Let's consider a particle of mass m₀ measured in the two inertial frames at rest oxyz and o'x'y'z'.
If the mass m₀ is fixed in the frame o'x'y'z' now moving at the speed u relative to the frame oxyz, the mass of the particle is still m₀ in o'x'y'z', but becomes m = γ m₀ for the observer at rest oxyz.

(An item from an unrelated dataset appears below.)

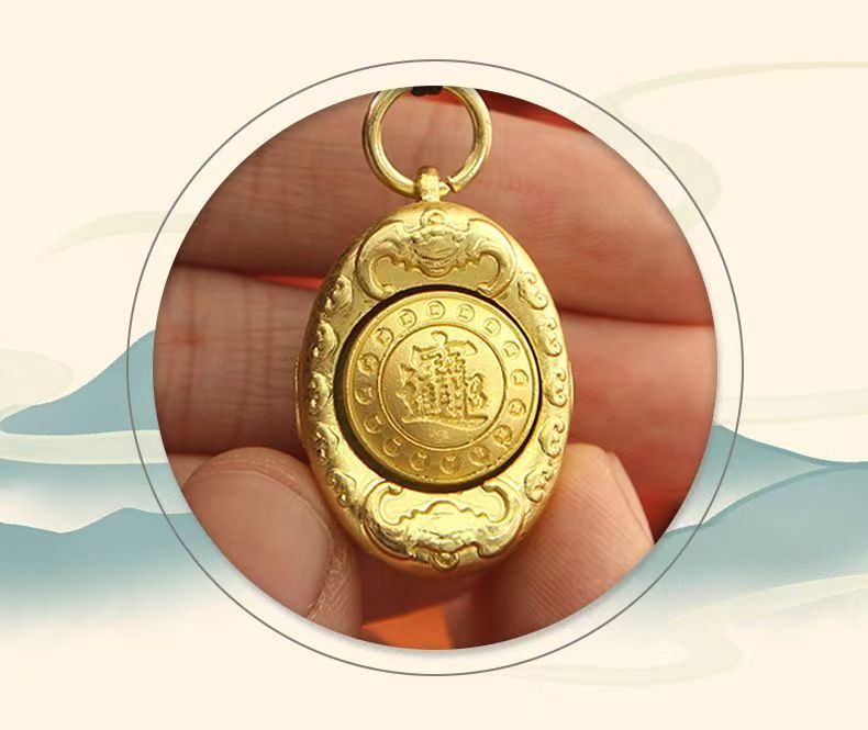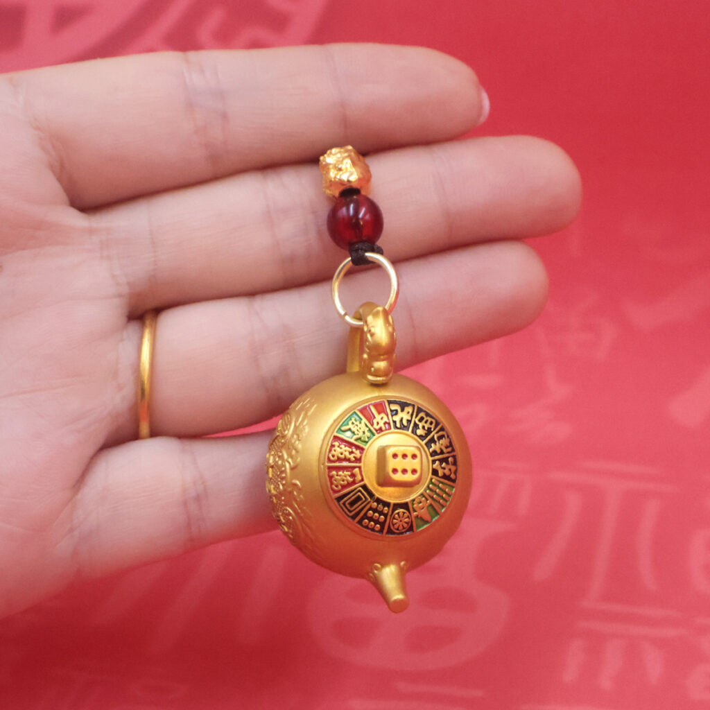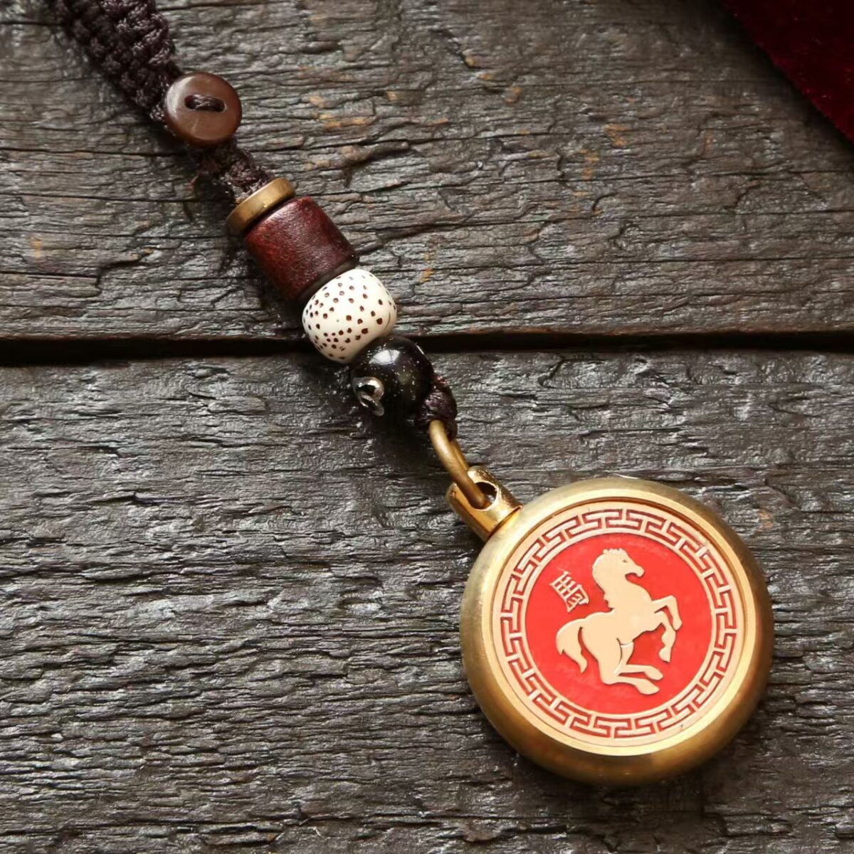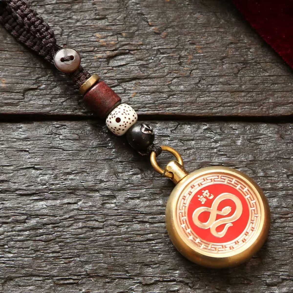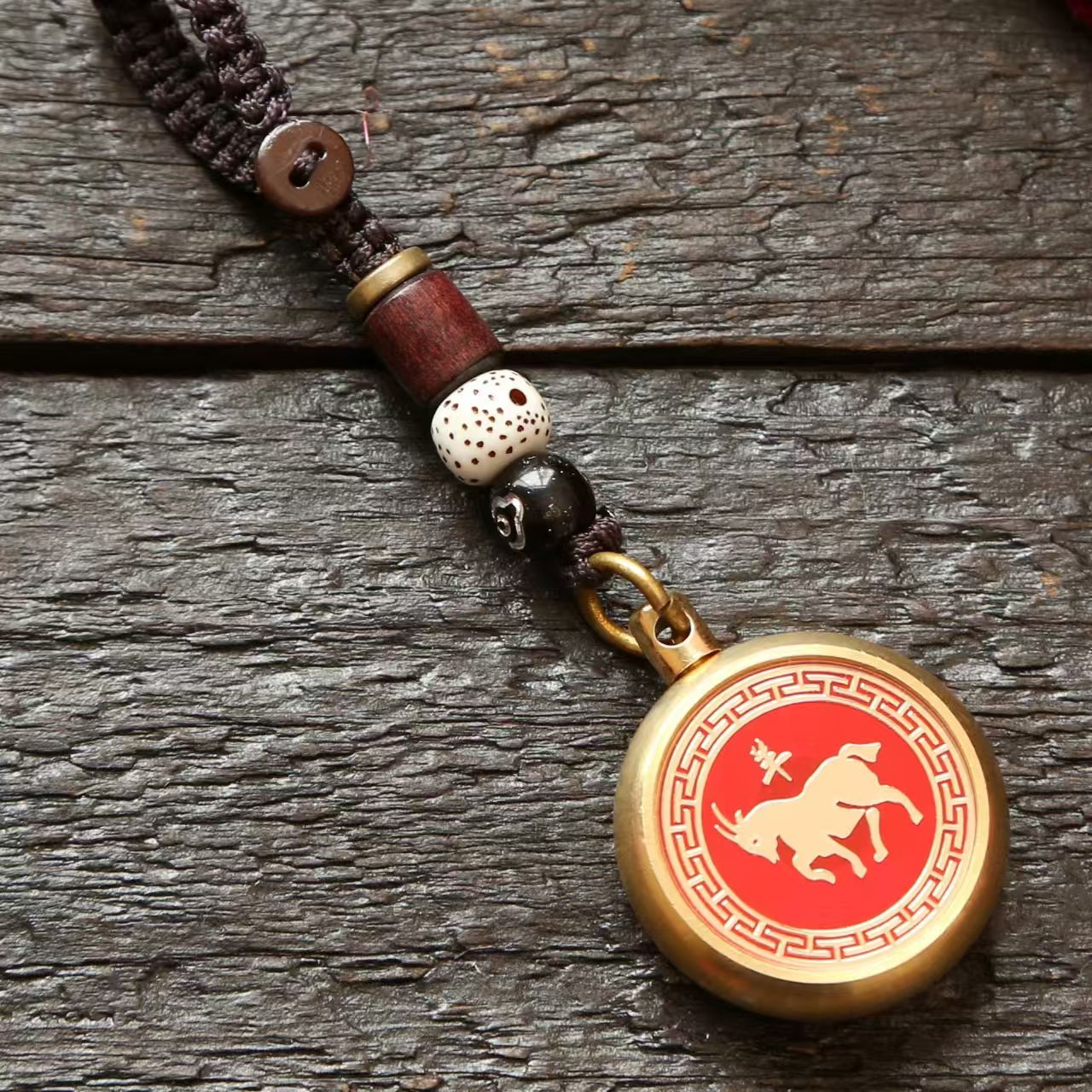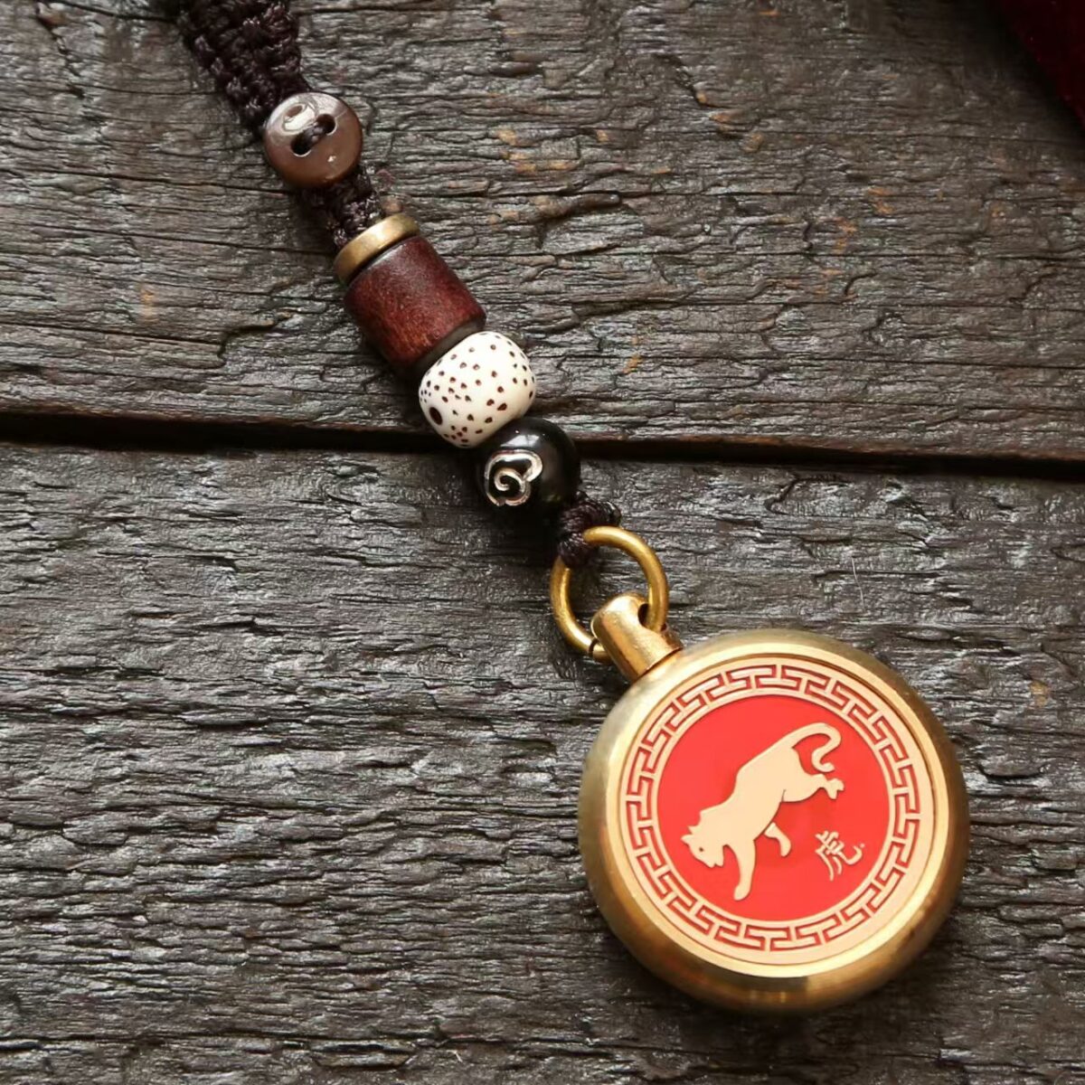 黃銅十二生肖中國紅轉轉招財進寶鑰匙扣吊墜復古轉運轉錢掛飾

In the frame oxyz at rest:
If a force F (doing a work, then changing the kinetic energy), is applied on the particle, along the x-axis, we can write:
KE = ∫ F dx
F = dP/dt
P = mu = γm₀u (P is the linear momentum of the particle, and u is the speed of the particle measured in oxyz. (m₀ ix fixed in o'x'y'z')
Hence:
F = d(mu)/dt = mdu/dt + udm/dt, so
KE = ∫ Fdx = ∫ (mdudx/dt + udmdx/dt)
as u = dx/dt, thus:
KE = ∫ (mudu + u²dm) = ∫ ( mdu/dm + u)udm
But,
du/dm = 1/(dm/du) , then:
dm/du = m₀d[γ]/du
d[γ]/du = - d/du([ 1 - u²/c²]^1/2)/[ 1 - u²/c²]
d/du([ 1 - u²/c²]^1/2) = (1/2)[ 1 - u²/c²] ^{- 1/2} ( - 2u/c²) = [1 - u²/c²] ^{- 1/2} ( - u/c²)
Therefore:
d[γ]/du = (u/c²) /[ 1 - u²/c²]^3/2
dm/du = m₀d[γ]/du = (m/γ)d[γ]/du = m (u/c²) /[ 1 - u²/c²] = mu /[ c² - u²]
dm/du = mu /[ c² - u²] Then:
mdu/dm = [ c² - u²]/u
It follows that:
KE = ∫ ( mdu/dm + u)udm = ∫ ([ c² - u²]dm + u²dm) = ∫ c²dm
The mass varies from m₀ to m,
KE = ∫ c²dm = c²∫ dm = c²[m](m₀ → m)
KE = c²[m - m₀]
We do not have potentia;l energy here, we can just write:
KE + m₀c² = mc²
and call the term m₀c² energy at rest and E the total energy.
and then : E = E₀ + KE
With:

E = mc²

The total energy of a particle of mass at rest m₀, moving at velocity u is:
E = mc²
with m = m₀/[1 - u²/c²]^1/2.